Deoranie Camacho is the owner and proprietor. She has run the agro-processing brand for close to five years and has been a member of the Guyana Manufacturing and Services Association for almost four.
What is cassareep?
Cassareep is a thick, dark, seasoned syrup boiled down from cassava. It is the essential ingredient in Guyanese pepperpot, giving the stew its deep colour and flavour, and it is also used in other stews and bakes.
Where are Hummingbird’s ingredients sourced?
From rural producers. The cassareep comes from women’s groups in Region 9, the molasses from a Demerara sugar estate, and the peppers from farmers along the river that gives the pepper sauce its name.
Where can I buy Hummingbird Products?
The range is available at Survival Supermarket. The brand says it will also be stocked at The Guyana Shop, the Guyana Marketing Corporation outlet for locally made goods.
What is GMSA’s UnCapped?
UnCapped is the GMSA’s annual exhibition, marketplace and food festival for Guyana’s agro-processors.

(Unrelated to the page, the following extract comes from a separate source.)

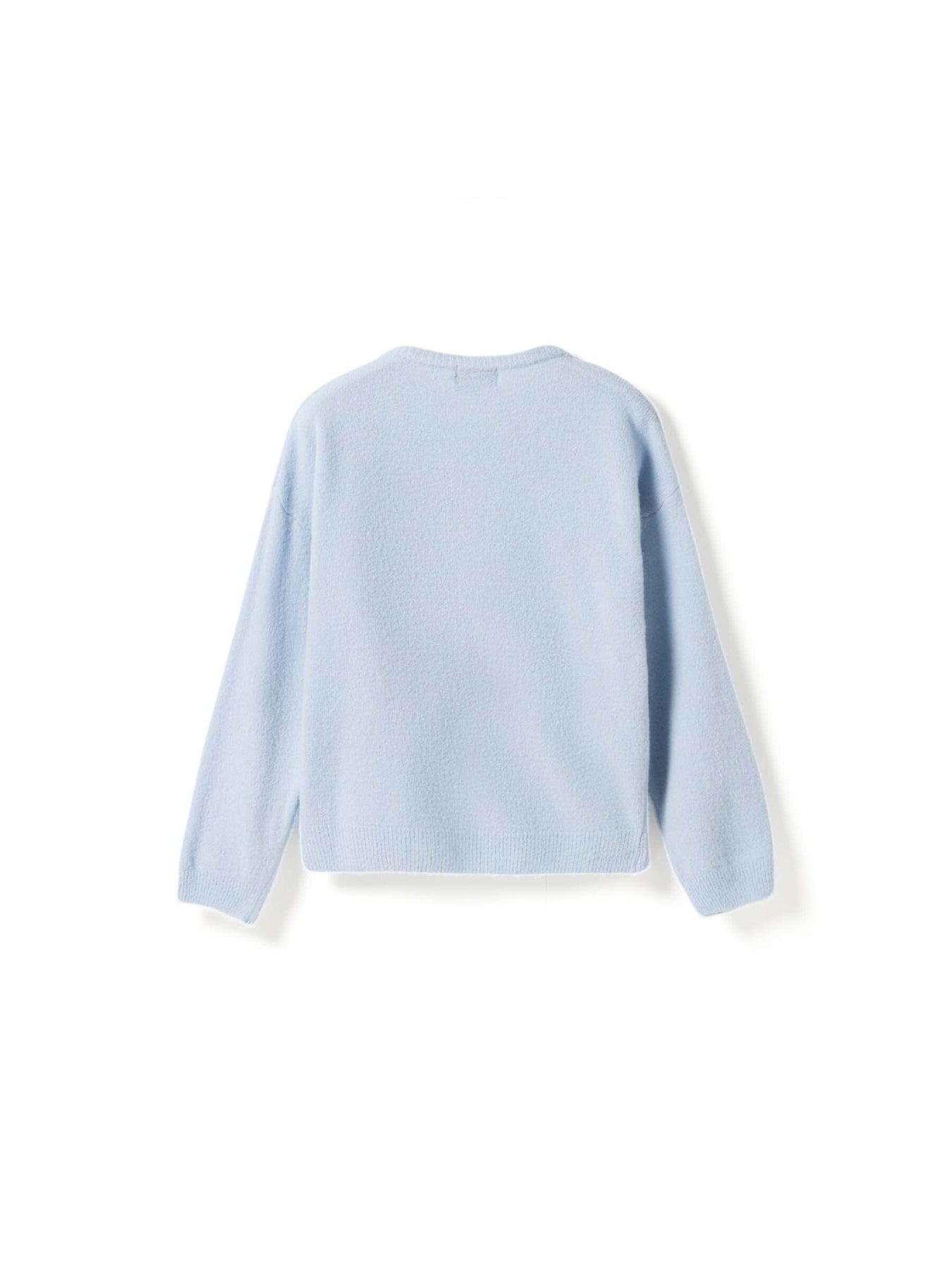 Cardigan tricoté bleu clair de Noella avec fermeture à boutons. Elle présente une coupe ample et une encolure ronde, et convient aux occasions décontractées.

Exhibitors take part free of charge, and recent editions have featured more than 100 local businesses at the Guyana National Stadium.
Disclosure: La Caribeña News founder and managing director Theon Alleyne serves as a director of the Guyana Manufacturing and Services Association (GMSA) and chairs its Services Sub-Sector. GMSA organises UnCapped, referenced in this article. He is also Vice President and Public Relations Officer of the Essequibo Islands–West Demerara Chamber of Commerce and Industry (R3CCI). Per La Caribeña News Newsroom Article Guidelines v1.1, Section 12.